Ideally, anything below 20% is very good for the stove.....that said, I've burned wood that was in the low 20's with no problem, too.....
I don't own a MM, all of my wood seasons 3 years and I don't have any problems with it that way.  Before, though, I burned moister wood and cleaned the chimney a lot more frequently because of that.


----------



## Ram 1500 with an axe... (Jul 15, 2013)

Great, thank you all very much for the input, I'm feeling better for the upcoming season..


----------



## Woody Stover (Jul 15, 2013)

blades said:


> 15-20% will burn ok in my units but heat output reduced ( at this range sounds like a baseball bat but I can feel the difference when burning)
> 
> 20-25% still wet behind the ears( not spiting but got to run with the primary almost wide open for a good portion of the time) only use if desperate


I "liked" your post but not sure that something at 18% would result in decreased heat output, it might just burn a bit slower so that the heat isn't released as fast up front. And I don't have to open the air up that wide on the low 20s stuff, but it might hiss a bit at the start....


Ram 1500 with an axe... said:


> Me being a rookie an just accumulating wood this spring, I just got my $30 general yesterday, I split a round of red oak, it was at 45, I then split a split that's been split for a week. That came out at 29, I have maple and black locust that I split in march and April both reading 17 and 18. I also split a skinny piece of honey locust, I couldn't believe it was 26. So I should be fine with the maple and black locust?


That Oak will really slow down once you hit the upper 20s, and won't burn well for a long time. The Maple and Locust at 18% is good. Hopefully that wasn't just a couple of splits that were drier than the rest. But it sounds like you'll probably get by OK, though.


----------



## blades (Jul 15, 2013)

There is always room for numbers up and down the scale and of course a hf meter is not what one would call a piece of high end equipment,  I do not know if it could be recalibrated or not but it gets me where I need to go. I have some pieces of furniture (Oak, Maple)  that I keep in the shop as a test reference.


----------



## brakatak (Jul 16, 2013)

I just got the General MM today..   are you drilling small holes into the splits and stick the MM pointers in the hole?   When I do that I get 40% on my freshly split oaks.    When I just put the MM pointers against the split side I get about 20%.     Big difference when I drill holes and stick the pointers in.      Just wondering what is correct method to use?


----------



## Ram 1500 with an axe... (Jul 16, 2013)

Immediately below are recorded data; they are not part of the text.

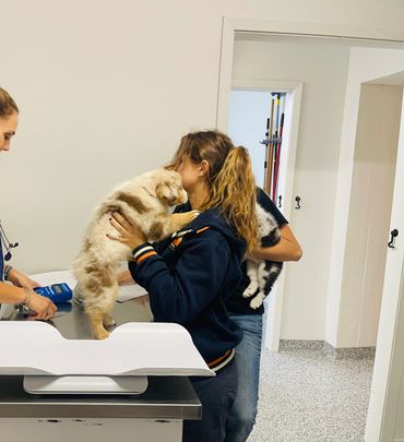 We have a deworming and vaccination protocol that involves worming the puppies every 2 weeks until they head home. First puppy vaccine is given at 7 weeks of age, then they need to be scheduled every 3-4 weeks until the series is completed. Rabies vaccination is done after 12 weeks of age. Bordetella is another vaccine that is recommended if your Aussie will be traveling with you.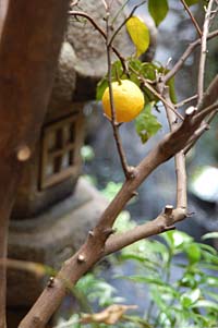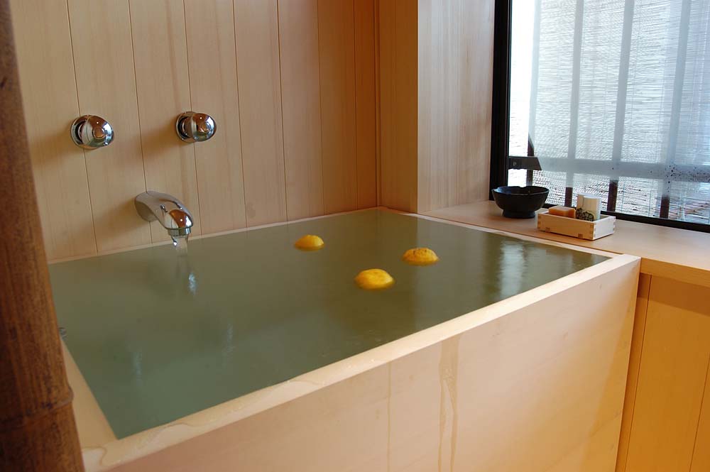 風呂の戸を開けると、柚子と檜の合わさった品のいい香りが充満している。無垢の檜を使ったお風呂にたっぷりとお湯がたまり贅沢な気分。柚子がぷかぷか と浮いている絵を想像していたが袋入りであった。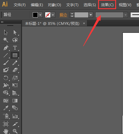 4、选择绘制的矩形然后在上面的菜单那里找到效果菜单,如图所示: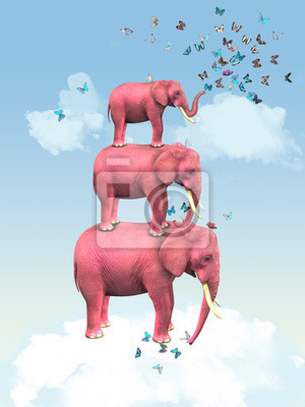 Фотообои с розовыми слонами (креативный сюжет). Артикул 10001669.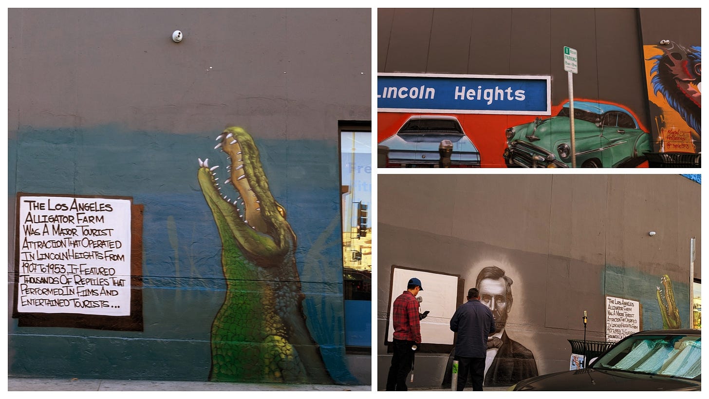 There’s a cool new neighborhood history mural from @tapia.323 going up at Daly and Broadway in Lincoln Heights, featuring low riders, Honest Abe and a snappy crocodilian representing the Lincoln Park Alligator Farm!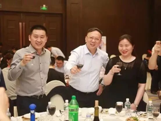爱尔眼科医院集团副总裁、视光及小儿眼科事业部总监杨智宽先生(中)、万新光学集团总裁汤峰先生(左),视光及小儿眼科事业部副总监杨积文女士(右)共同举杯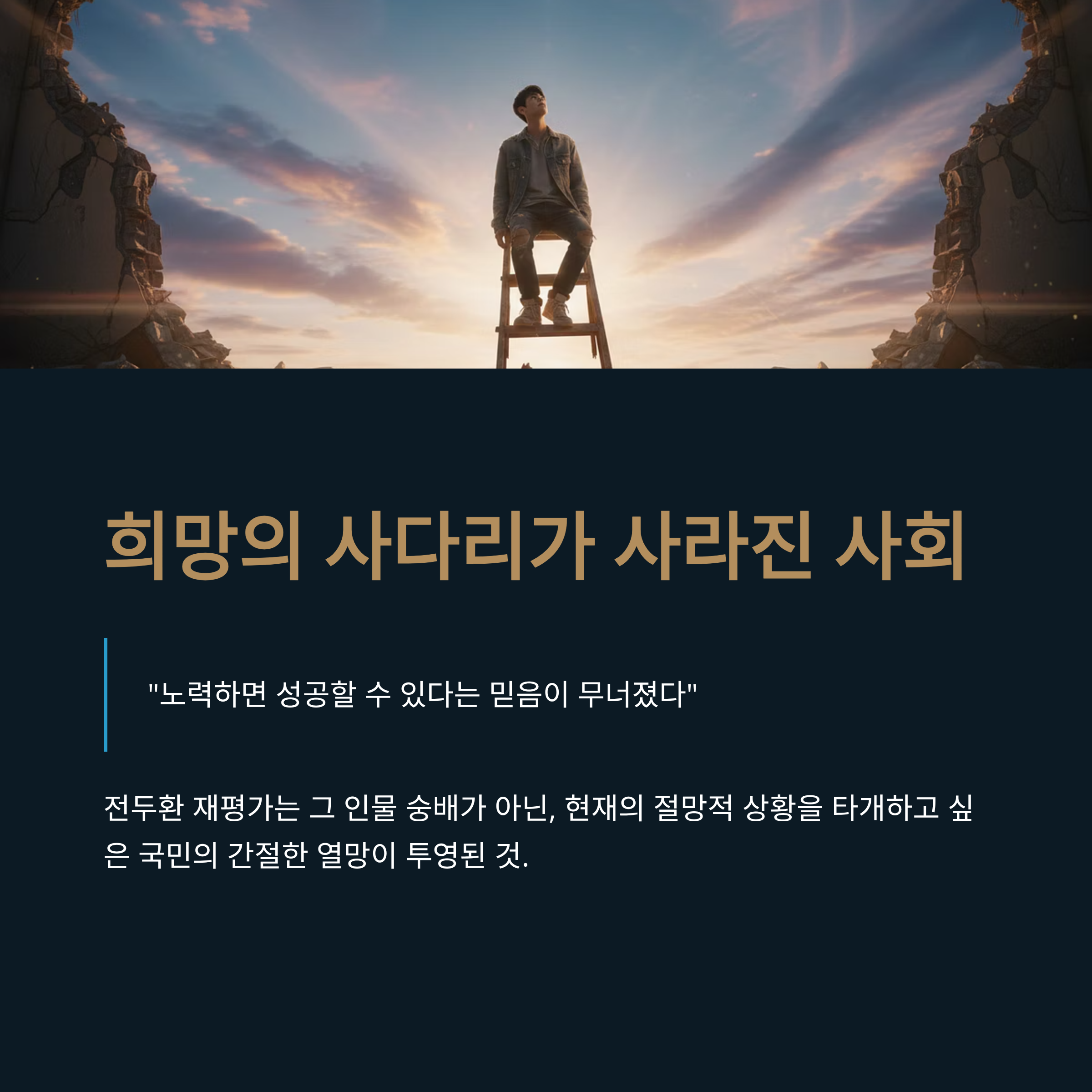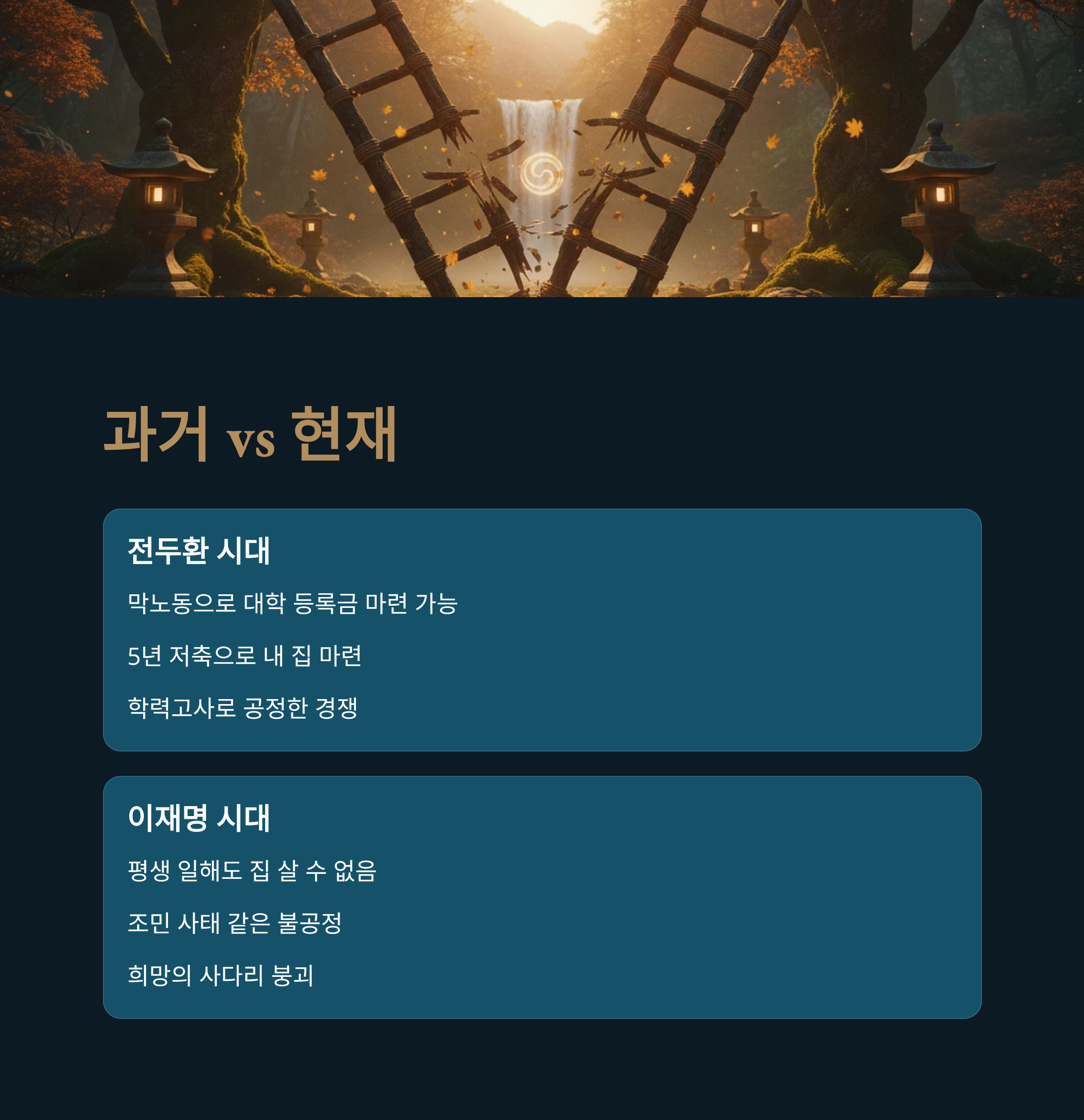 반면 이재명 시대의 대한민국은 이러한 사다리가 걷어차인 상태입니다. 조국 전 장관의 딸 조민 사례에서 보듯 부모의 지위와 편법이 성공을 좌우하는 사회가 되었으며, 청년들은 아무리 노력해도 서울에 아파트 한 채 마련하기 힘든 '생지옥'을 경험하고 있습니다. "가재, 붕어, 개구리로 살라"는 식의 위선적인 조언에 국민들이 분노하며, 차라리 경제적으로 풍요롭고 기회가 있었던 과거를 그리워하게 된 것입니다.

I stick mine in so the meter can stand straight up without touching it. I never thought of drilling holes, lets see what others do


----------



## HDRock (Jul 16, 2013)

brakatak said:


> I just got the General MM today.. are you drilling small holes into the splits and stick the MM pointers in the hole? When I do that I get 40% on my freshly split oaks. When I just put the MM pointers against the split side I get about 20%. Big difference when I drill holes and stick the pointers in. Just wondering what is correct method to use?


When U check a split for moisture, U must split the piece first, and check it right then N there ,check it smack in the middle , if U split it and wait till the next day U will not get an accurate reading what the MC, (moisture content) is inside the piece.


----------



## Ram 1500 with an axe... (Jul 16, 2013)

To brakatak and all,
I just read the directions. It says to drill the holes to get a more accurate reading so that the tips touch inside. But that doesn't take into consideration that you are splitting the split just before you take the reading. Therefore it is the tips that are reading the MC, not the entire spike. It clearly says not to use force when trying to take a reading.
So the correct method is what HDRock said to do.....
But thanks for making me read the directions, so I know I am doing it right.....


----------



## brakatak (Jul 16, 2013)

Ram 1500 with an axe... said:


> To brakatak and all,
> I just read the directions. It says to drill the holes to get a more accurate reading so that the tips touch inside. But that doesn't take into consideration that you are splitting the split just before you take the reading. Therefore it is the tips that are reading the MC, not the entire spike. It clearly says not to use force when trying to take a reading.
> So the correct method is what HDRock said to do.....
> But thanks for making me read the directions, so I know I am doing it right.....


 
Good to know... thanks for reading the directions and sharing.   i'll try that method tomorrow.


----------



## Ram 1500 with an axe... (Jul 16, 2013)

Woody Stover said:


> I "liked" your post but not sure that something at 18% would result in decreased heat output, it might just burn a bit slower so that the heat isn't released as fast up front. And I don't have to open the air up that wide on the low 20s stuff, but it might hiss a bit at the start....
> That Oak will really slow down once you hit the upper 20s, and won't burn well for a long time. The Maple and Locust at 18% is good. Hopefully that wasn't just a couple of splits that were drier than the rest. But it sounds like you'll probably get by OK, though.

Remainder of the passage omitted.